A Republican, in 1898 Bigelow was appointed to the legislature's Vermont Commission on Double Taxation, a special panel that investigated state laws which subjected to state tax both mortgages used to purchase real estate and the real estate used to secure the mortgages. In 1900, the commission submitted recommendations to address the issue, many of which were adopted in subsequent legislative sessions.

==Continued career==
In March 1906, Bigelow was the Republican Party's unsuccessful nominee for mayor. In June 1906, he served as chairman of the Vermont Republican Party's state convention. In 1907, he again received the Republican nomination for mayor of Burlington. He defeated incumbent James Edmund Burke and served one term, 1907 to 1909, the first two-year mayoral term created as the result of a change to the city charter. He was a candidate for reelection in 1909 and lost to Burke by 18 votes, 1,658 to 1,640.

After leaving office, Bigelow purchased the St. Johnsbury Caledonian newspaper in 1909. In 1910 he purchased the Ranlet Press, a St. Johnsbury publishing business. Bigelow operated both ventures until 1918. During World War I, Bigelow was a member of Vermont's Public Safety Committee.

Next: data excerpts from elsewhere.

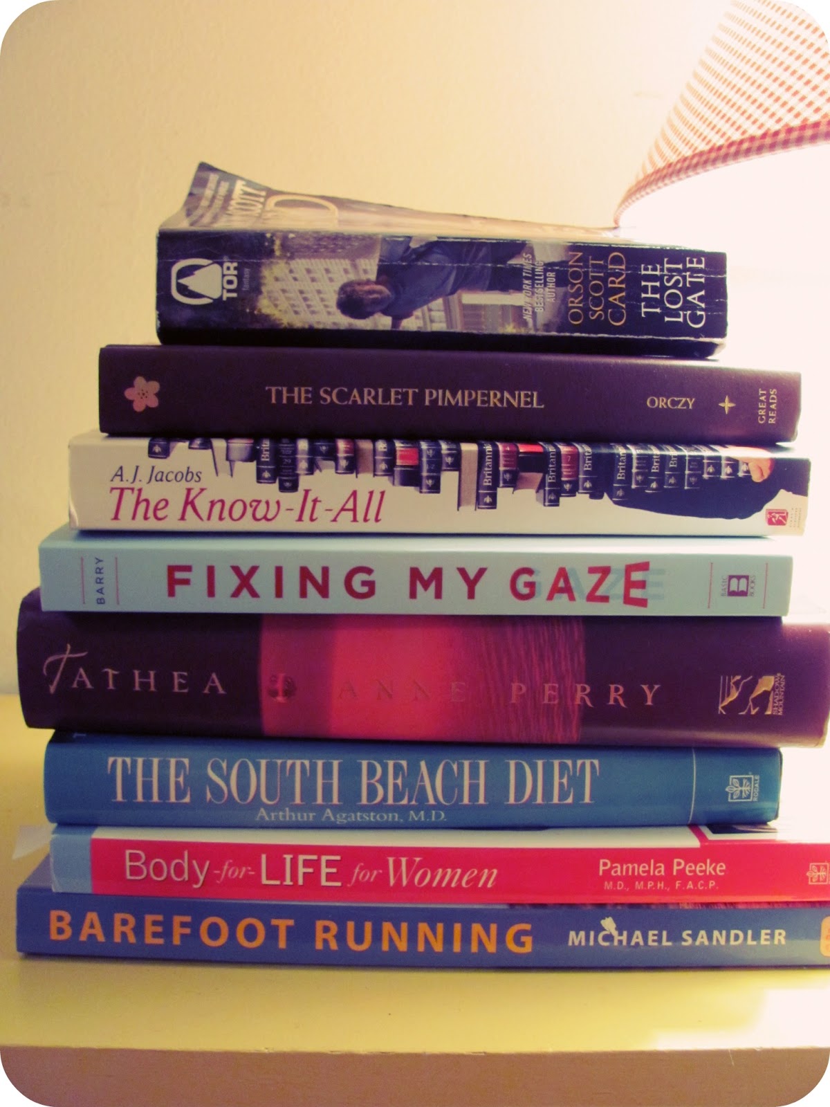 I have a small book case beside my bed. These are just the books stacked on top that are in my read-in-the-near-future pile.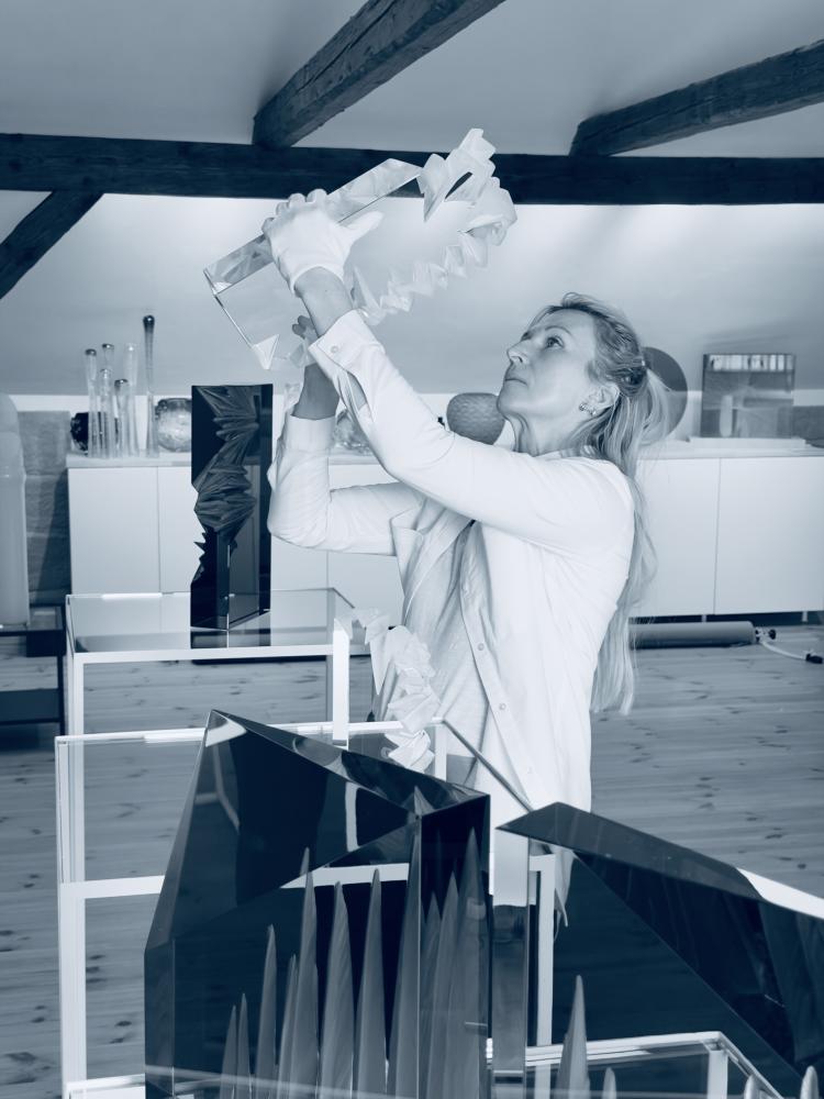 Die berufliche Laufbahn der Künstlerin basiert auf mehr als 25 Jahren Erfahrung und einer fundierten Ausbildung an der Prager Kunsthochschule VŠUP, wo ihr Gespür für lineare Dekoration und Gravurkunst geprägt wurde. Ihre Philosophie basiert auf einem perfekten Verständnis der natürlichen Eigenschaften von Glas – von präzisen Zeichnungen in massiven geschliffenen Blöcken bis hin zu organischen Formen, die durch das freie Fließen von heißem Glas entstehen. Ein wichtiger Meilenstein ihrer Karriere war die ikonische Realisierung für die Metro in Dubai, wo sie durch Glas- und Lichtfontänen ihre Fähigkeit unter Beweis stellte, technische Konstruktionen zugunsten eines reinen visuellen Erlebnisses und der Harmonie mit der Umgebung zu eliminieren.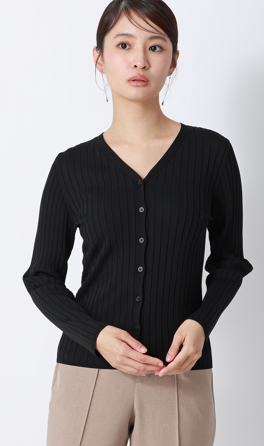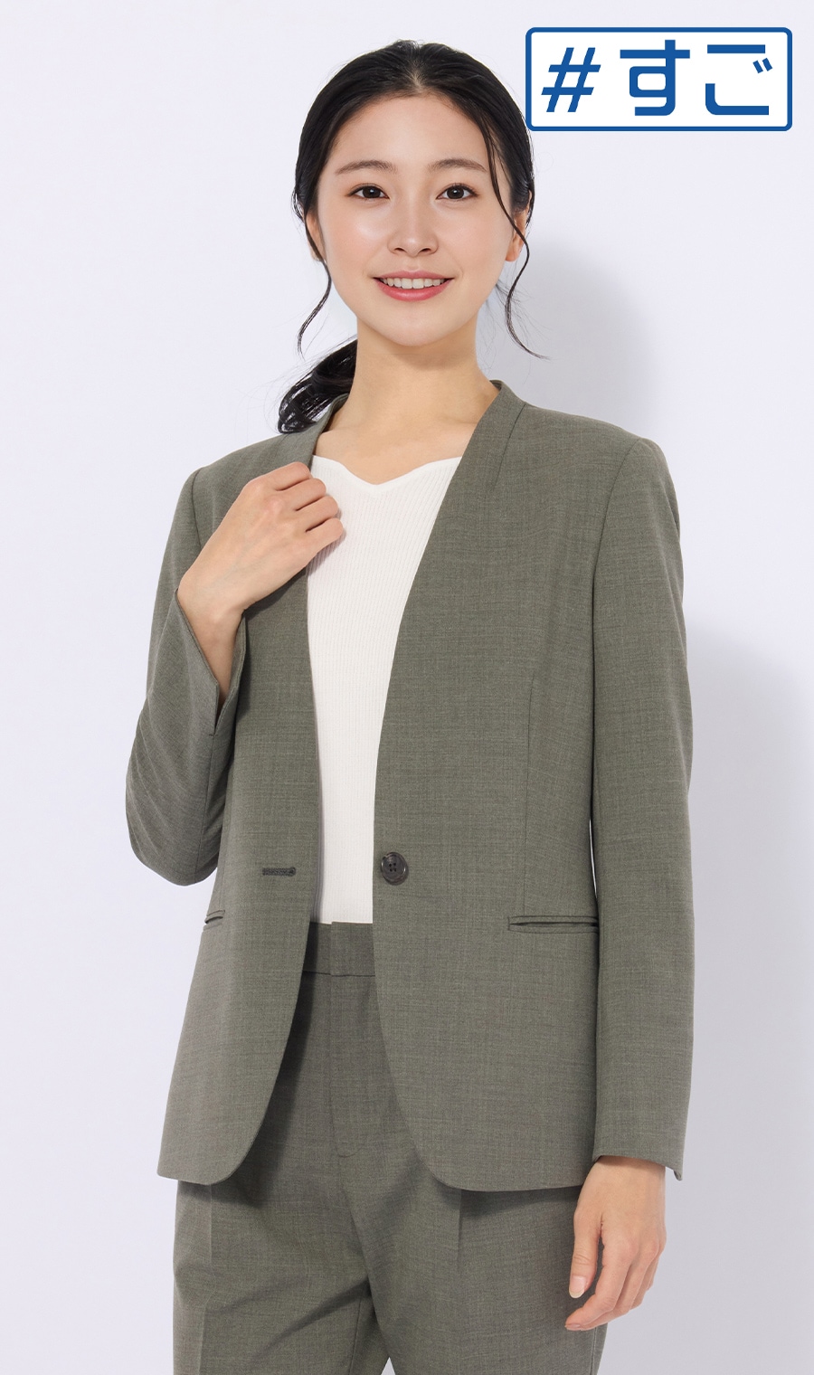大人気《#すご》シリーズの超ストレッチスーツに、新色ライトカーキが登場。すっきり見えが叶うVネックカーディガンで、上品な印象に。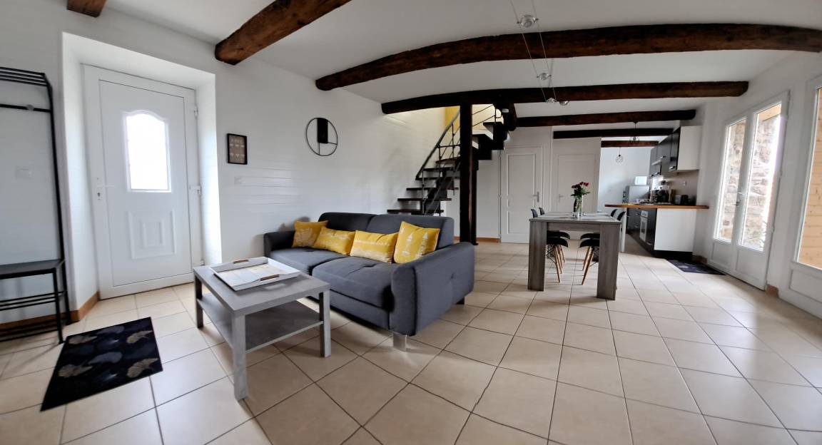 „Accueil très agréable par la propriétaire, avec petits cadeaux de bienvenue et fleurs fraîches. Gite d'une propreté remarquable, bien équipé, literie king size au TOP (mais pas de volets dans la seconde chambre).Le seul petit bémol est la poutre au dessus de l'escalier, qui nécessite de faire attention pour ne pas se cogner la tête en montant ou descendant. Les propriétaires sont très discrets, on n'a même pas entendu une seule fois leur 2 chiens, malgré la proximité immédiate de leur maison. Le seul point négatif est qu'il n'avait pas de Wifi (ado scotché au téléphone: Oubliez !)“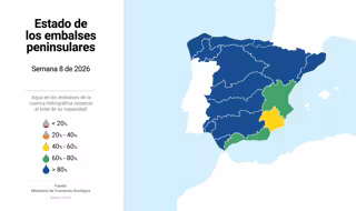 La reserva hídrica española está al 83%, con 46.494 hectómetros cúbicos (hm3), tras ganar 265 hm3 en una semana, es decir, el 0,5% de su capacidad total, según datos del Ministerio para la Transición Ecológica y el Reto Demográfico (MITECO) recogidos por Europa Press.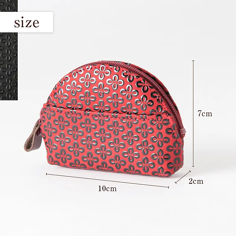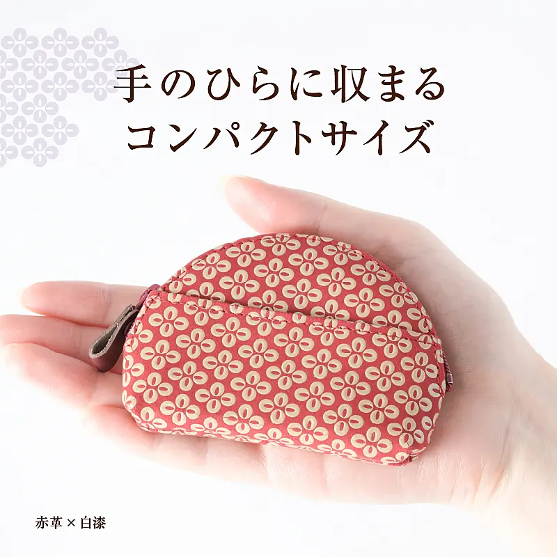 手のひらに収まるコンパクトサイズの小銭入れ。丸みおびた可愛いデザインと、ファスナーが大きく開きやすいのが特徴です。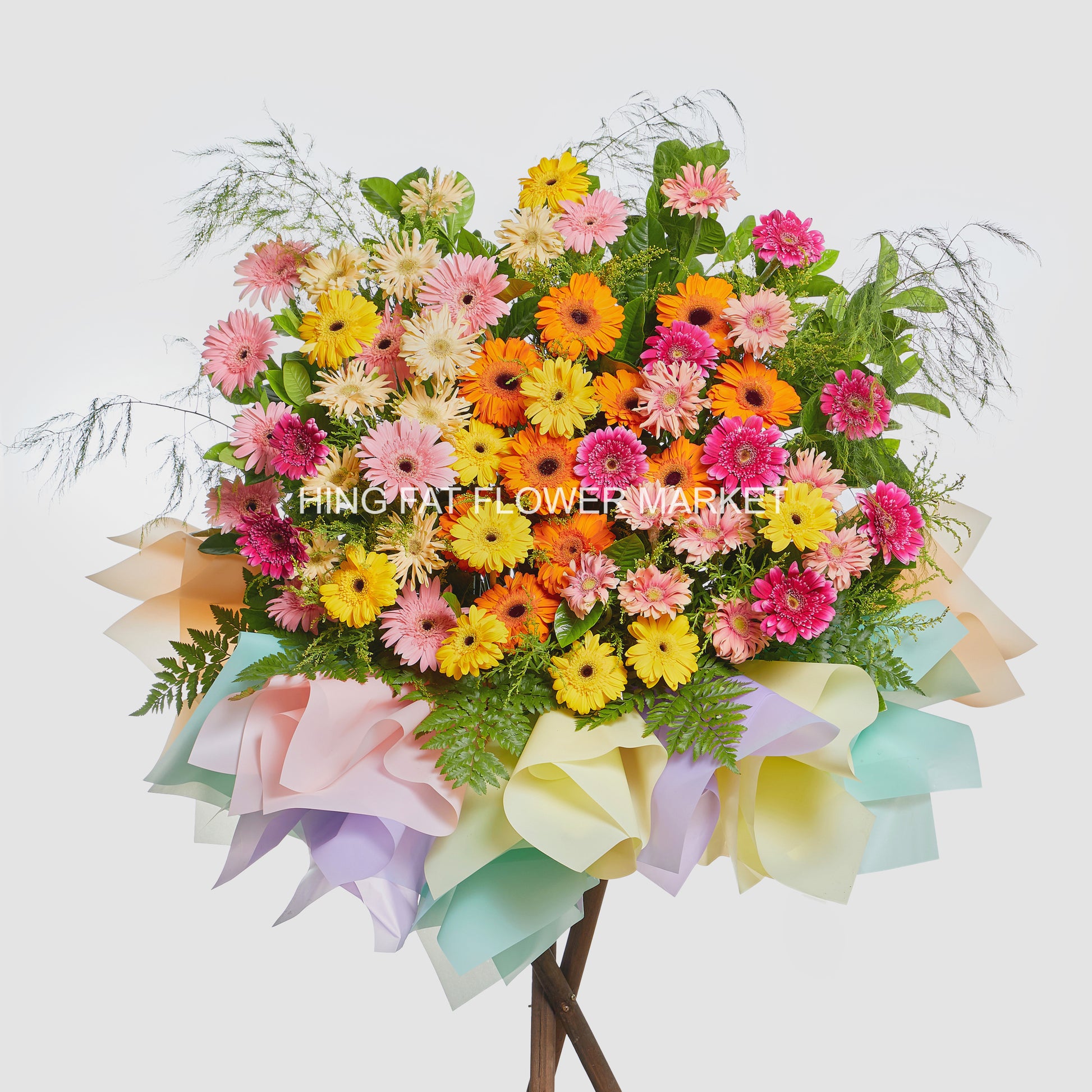 This vibrant and colorful flower stand is a stunning arrangement of various types of gerbera , including shades of pink, yellow, and orange. This flower stand would make an excellent gift for business grand opening or relocation.

Bigelow was an author, and his published works included Vermont: Its Government, an annual publication of the early 1900s to mid-1950s for which Bigelow was responsible from 1919 to 1933. He was also the author of a work about his hometown, 1934's History of Stowe, Vermont. In 1919, Bigelow left St. Johnsbury and accepted an editorial position with the Brattleboro Reformer newspaper in Brattleboro.

==Death and burial==
Bigelow remained with the Reformer until 1933, when he moved to Hartford, Connecticut. In December 1934 he was struck by a car while crossing the street and his injuries included a broken hip. He died in Hartford on May 2, 1935. Bigelow was buried at West Branch Cemetery in Stowe.

==Family==
In 1895, Bigelow married Florence E. Mooney (1868-1956) of Mansonville, Quebec, Canada. They were the parents of a daughter, Ruth Barr (1899-1959), who was the wife of Clarence C. Mooney (d. 1956).